A Model of a Trapped Particle Under a Plate Adhering to a Rigid Surface

[+] Author and Article Information
George G. Adams

e-mail: adams@coe.neu.edu
Department of Mechanical and Industrial Engineering,
Northeastern University,
Boston, MA, 02115

Manuscript received June 28, 2012; final manuscript received December 17, 2012; accepted manuscript posted February 11, 2013; published online July 12, 2013. Assoc. Editor: George Kardomateas.

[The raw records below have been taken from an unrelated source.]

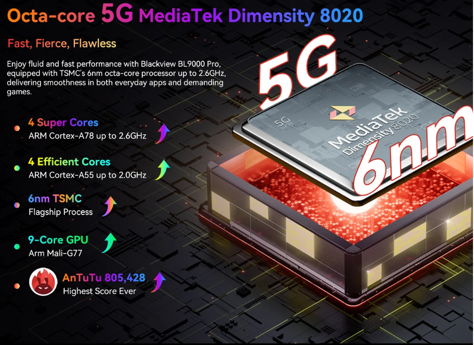 Uživajte v tekočem in hitrem delovanju z Blackview BL9000 Pro, opremljenim s 6nm osemjedrnim procesorjem TSMC do 2,6 GHz, ki zagotavlja gladkost tako v vsakodnevnih aplikacijah kot v zahtevnih igrah.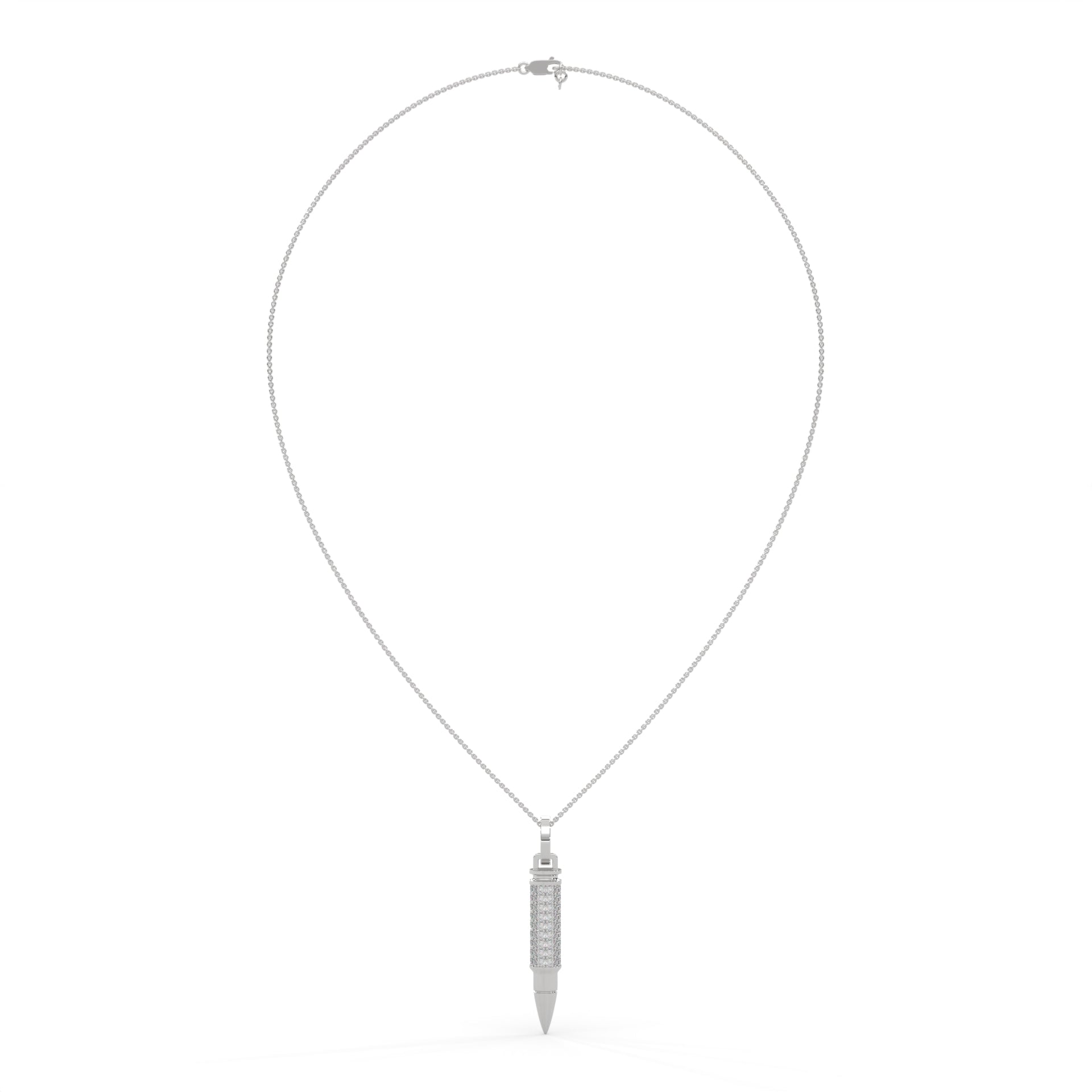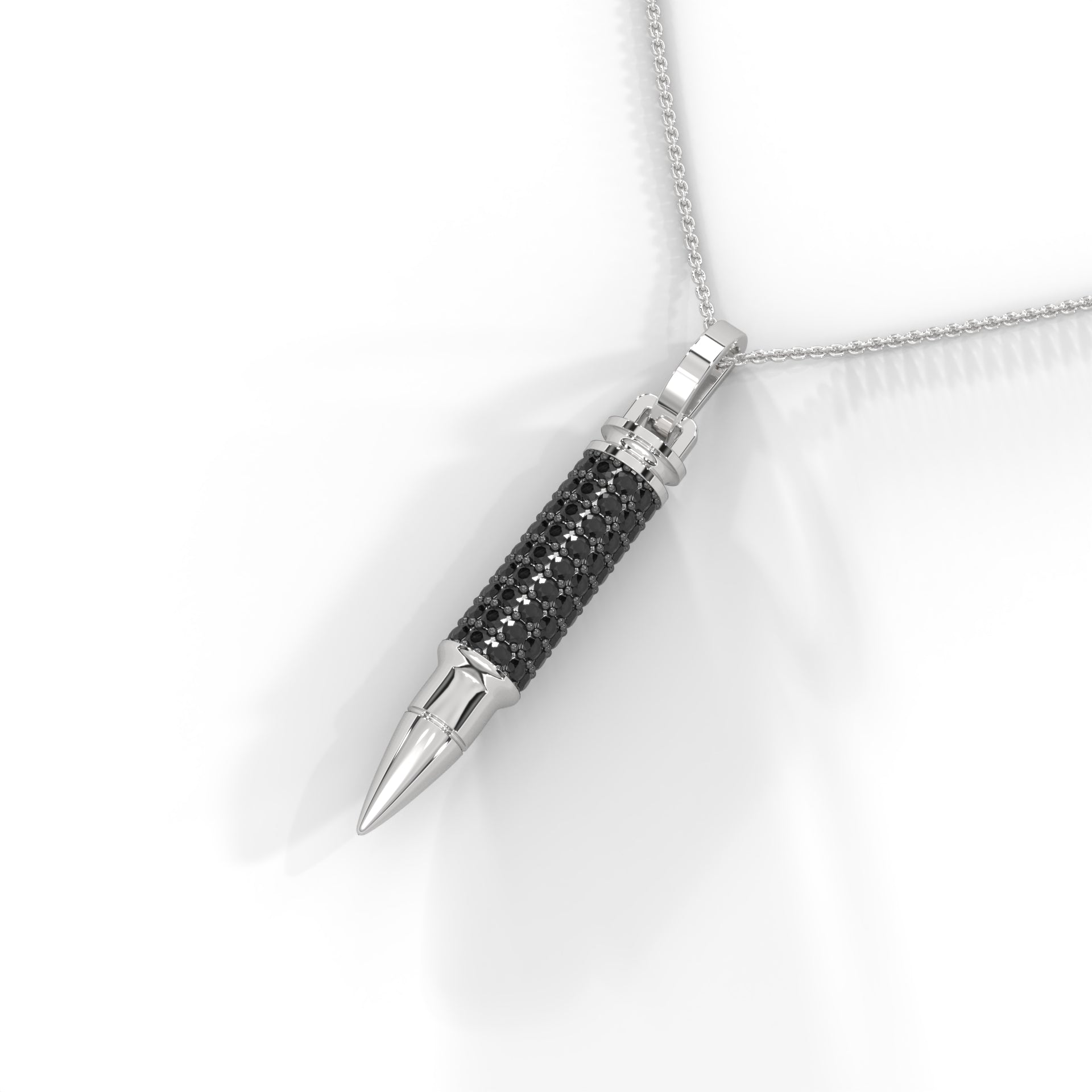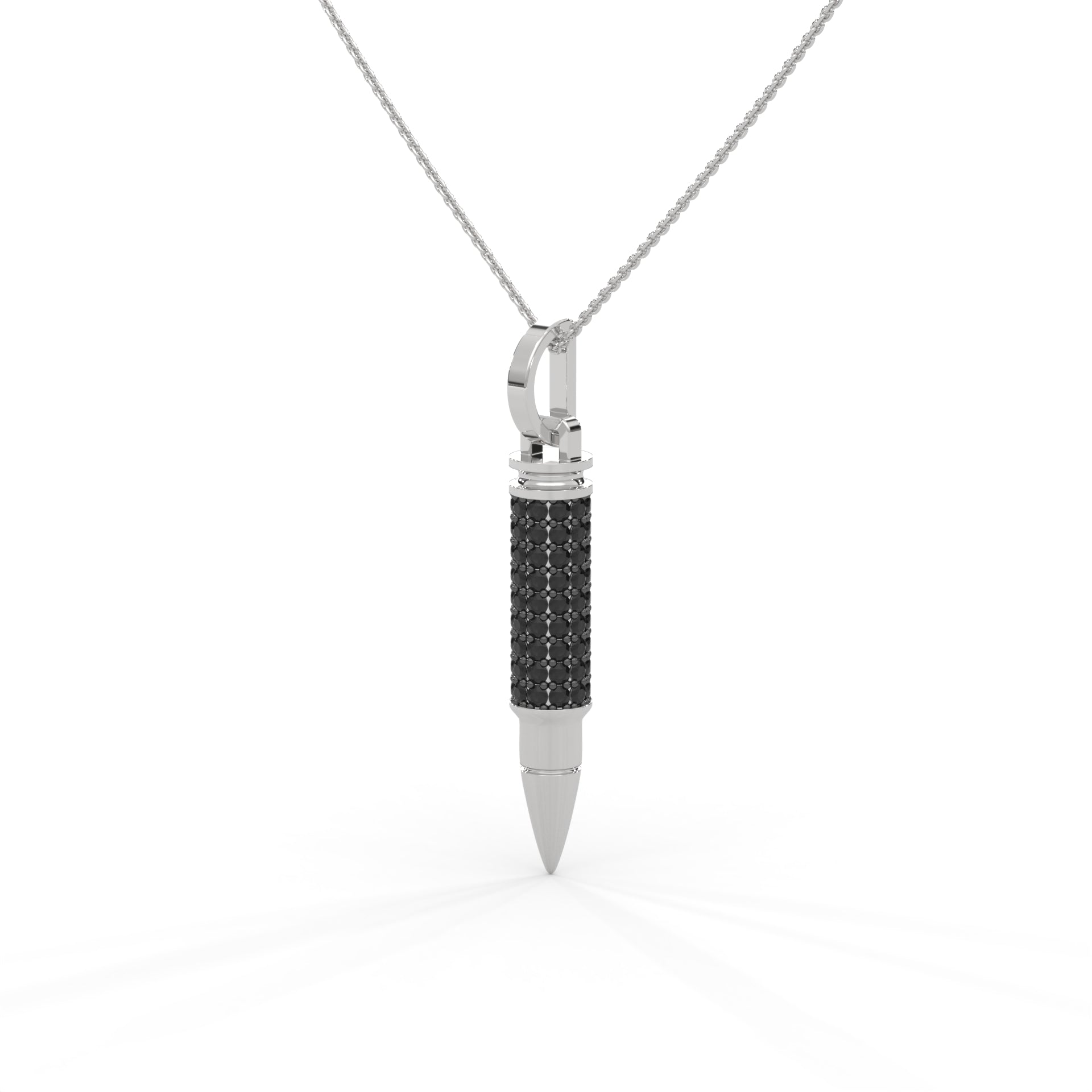 A symbol of precision, power, and timeless edge — The .925 Ammo Pendant from Noble redefines bold luxury. Crafted in polished sterling silver, its sleek silhouette is adorned with your choice of either radiant white synthetic diamonds or striking black synthetic diamonds, each meticulously handset to capture light with every movement.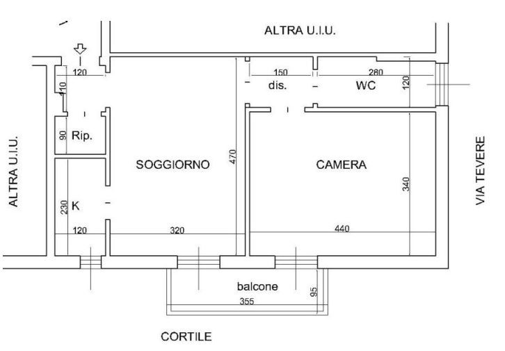 L'appartamento è composto da ingresso con ripostiglio, soggiorno con cucinino, disimpegno, una camera da letto e bagno, per una superficie totale di 47,50 mq.
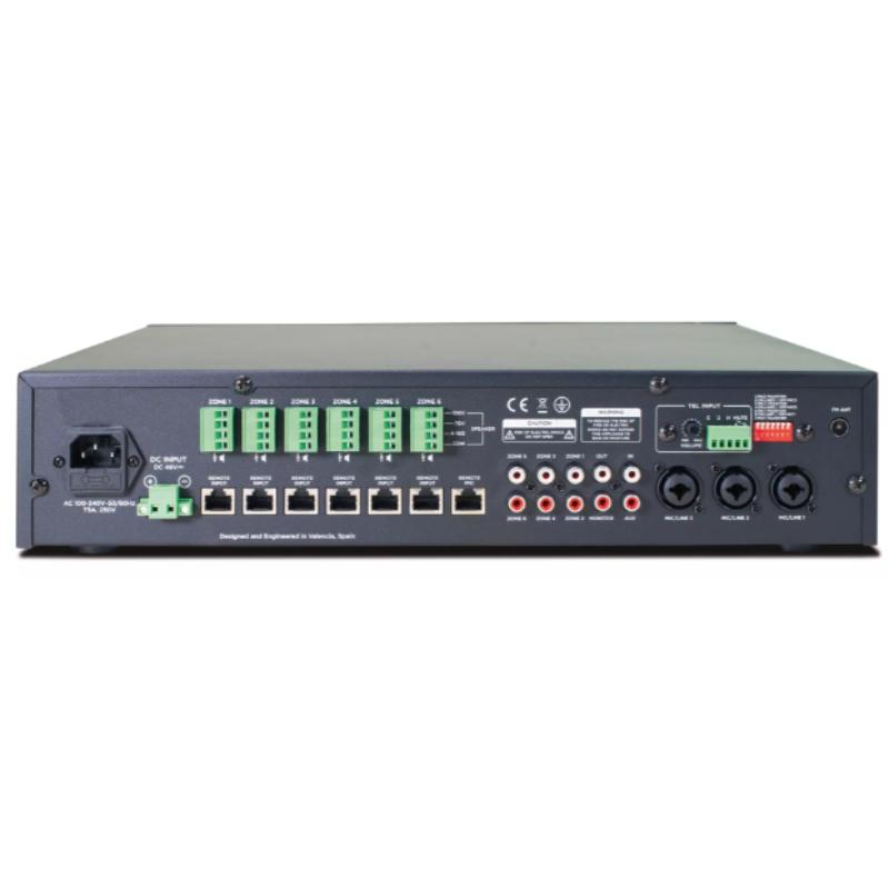 Amplificador/mezclador de instalación con 6 zonas. 6 x 60W @4-16 ohm y 70/100V. USB/SD/Bluetooth/Radio FM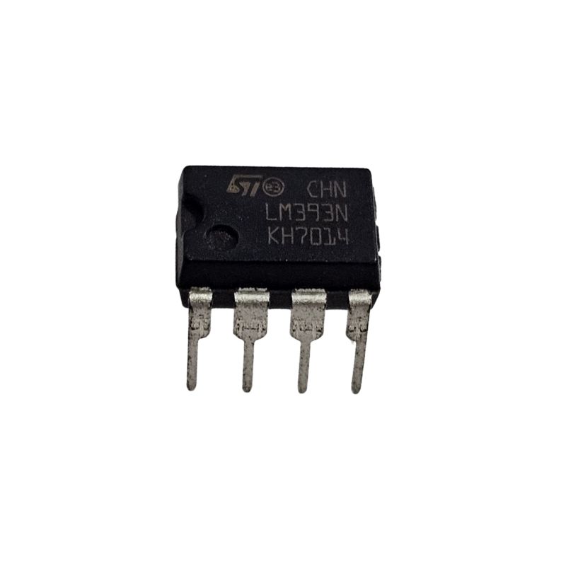 O LM393N da STMicroelectronics é um Circuito Integrado (CI) de Comparador Duplo de Baixa Potência (Low Power Dual Voltage Comparator).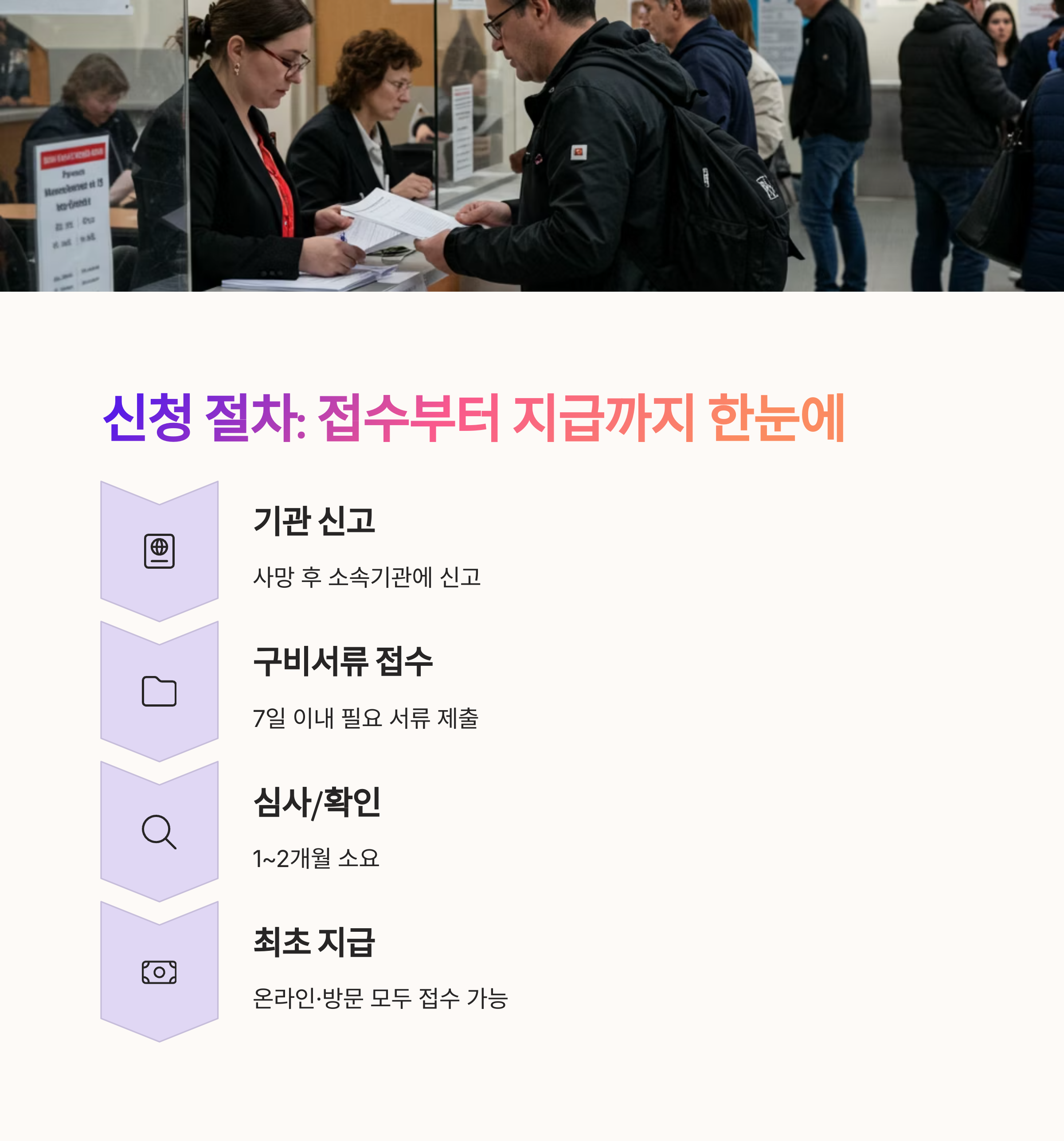 - 1개월 내 심사 완료 후 첫 연금 지급이 이루어집니다.

J. Appl. Mech 80(5), 051016 (Jul 12, 2013) (6 pages) Paper No: JAM-12-1274; doi: 10.1115/1.4023625 History: Received June 28, 2012; Revised December 17, 2012; Accepted February 11, 2013

Micro and nanomechanics are growing fields in the semiconductor and related industries. Consequently obstacles, such as particles trapped between layers, are becoming more important and warrant further attention. In this paper a numerical solution to the von Kármán equations for moderately large deflection is used to model a plate deformed due to a trapped particle lying between it and a rigid substrate. Due to the small scales involved, the effect of adhesion is included. The recently developed moment-discontinuity method is used to relate the work of adhesion to the contact radius without the explicit need to calculate the total potential energy. Three different boundary conditions are considered—the full clamp, the partial clamp, and the compliant clamp. Curve-fit equations are found for the numerical solution to the nondimensional coupled nonlinear differential equations for moderately large deflection of an axisymmetric plate. These results are found to match the small deflection theory when the deflection is less than the plate thickness. When the maximum deflection is much greater than the plate thickness, these results represent the membrane theory for which an approximate analytic solution exists.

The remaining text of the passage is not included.